*** Dataset excerpts ***

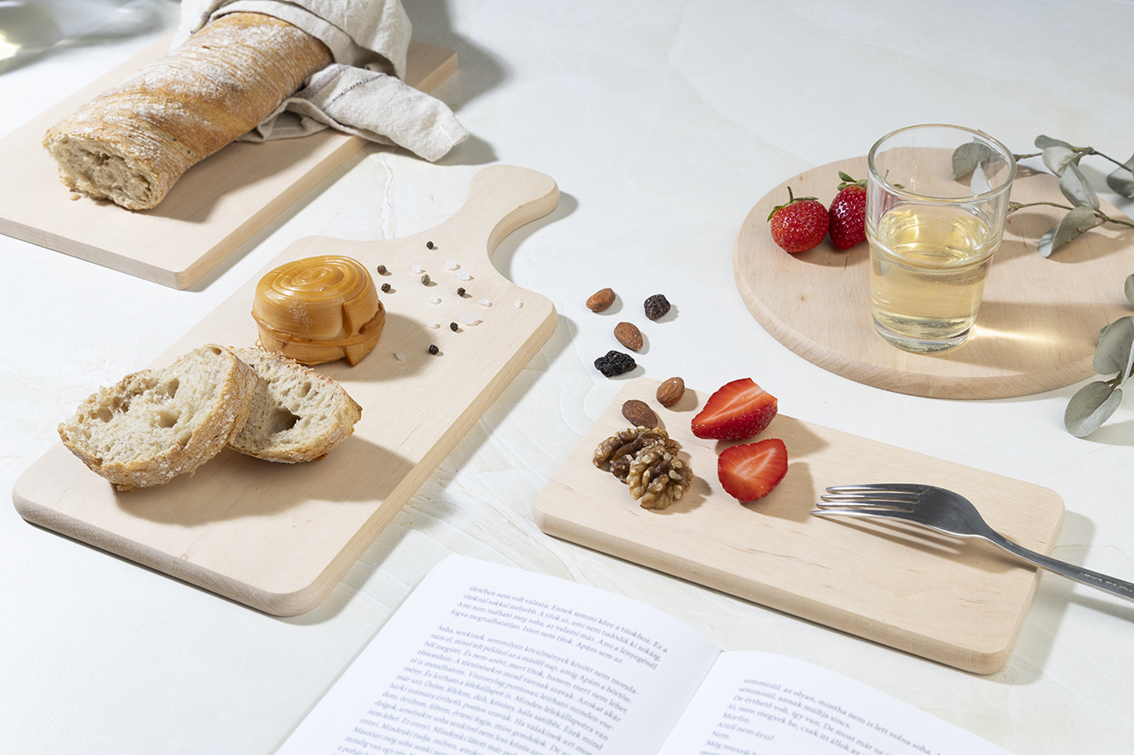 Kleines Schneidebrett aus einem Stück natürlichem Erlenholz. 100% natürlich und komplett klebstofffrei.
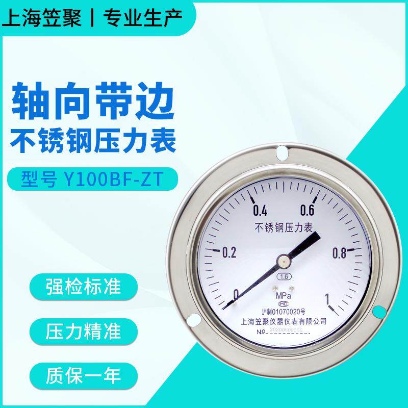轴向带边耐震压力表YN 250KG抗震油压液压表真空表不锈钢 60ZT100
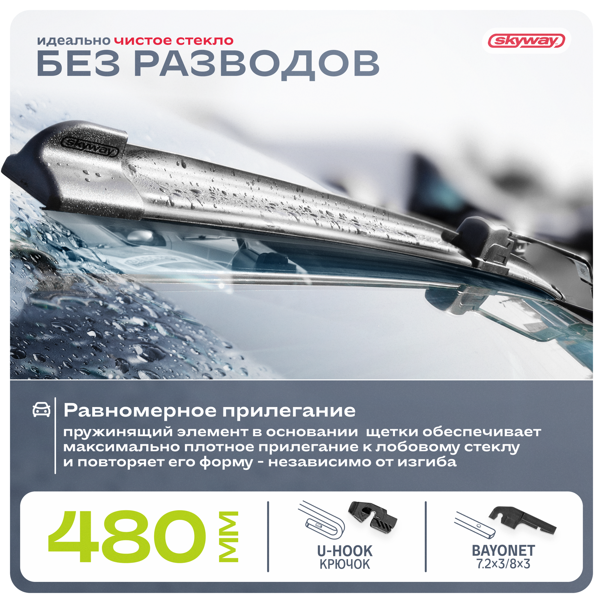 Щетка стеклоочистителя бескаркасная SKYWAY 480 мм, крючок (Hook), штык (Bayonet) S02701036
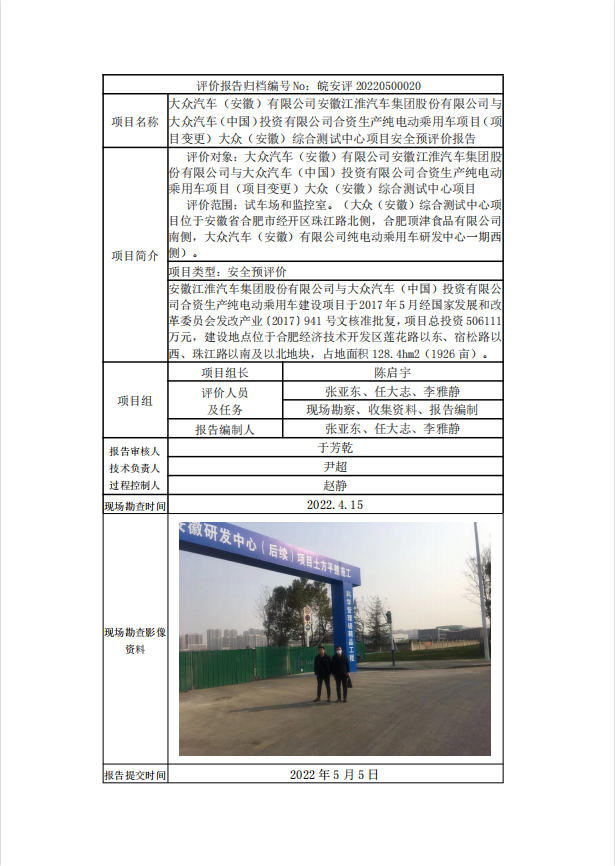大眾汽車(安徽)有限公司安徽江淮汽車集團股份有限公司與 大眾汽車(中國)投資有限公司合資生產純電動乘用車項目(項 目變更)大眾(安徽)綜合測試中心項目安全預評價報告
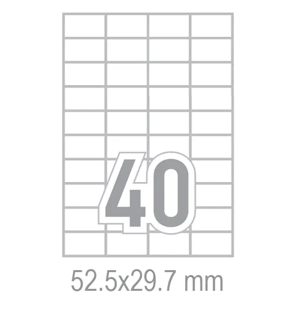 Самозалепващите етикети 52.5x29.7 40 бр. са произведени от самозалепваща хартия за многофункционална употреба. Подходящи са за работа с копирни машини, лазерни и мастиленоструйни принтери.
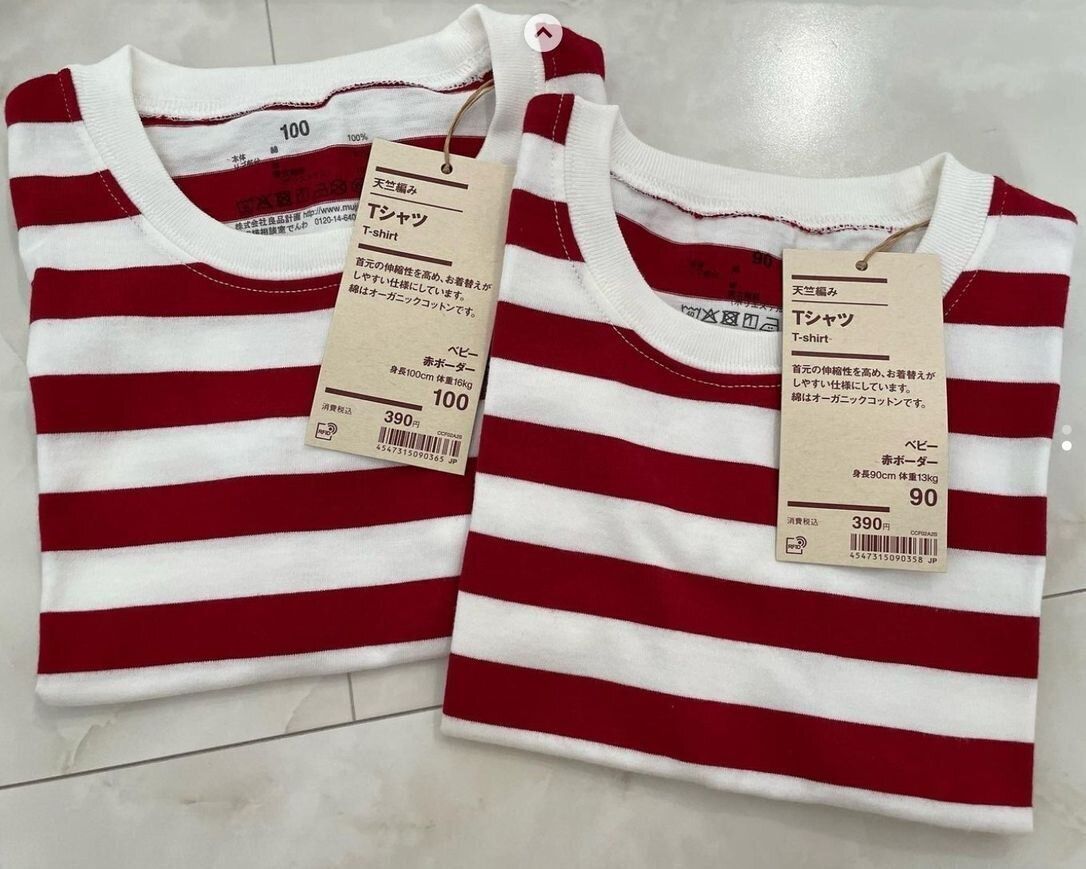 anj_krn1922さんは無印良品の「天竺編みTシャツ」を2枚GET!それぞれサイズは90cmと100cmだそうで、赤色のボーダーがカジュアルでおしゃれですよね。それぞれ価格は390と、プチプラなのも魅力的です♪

*** End of Dataset excerpts ***

== Task ==
Output the records exactly as they appear, skipping any pictures.

== Solution for this exercise ==
 Kleines Schneidebrett aus einem Stück natürlichem Erlenholz. 100% natürlich und komplett klebstofffrei.
轴向带边耐震压力表YN 250KG抗震油压液压表真空表不锈钢 60ZT100
 Щетка стеклоочистителя бескаркасная SKYWAY 480 мм, крючок (Hook), штык (Bayonet) S02701036
大眾汽車(安徽)有限公司安徽江淮汽車集團股份有限公司與 大眾汽車(中國)投資有限公司合資生產純電動乘用車項目(項 目變更)大眾(安徽)綜合測試中心項目安全預評價報告
 Самозалепващите етикети 52.5x29.7 40 бр. са произведени от самозалепваща хартия за многофункционална употреба. Подходящи са за работа с копирни машини, лазерни и мастиленоструйни принтери.
 anj_krn1922さんは無印良品の「天竺編みTシャツ」を2枚GET!それぞれサイズは90cmと100cmだそうで、赤色のボーダーがカジュアルでおしゃれですよね。それぞれ価格は390と、プチプラなのも魅力的です♪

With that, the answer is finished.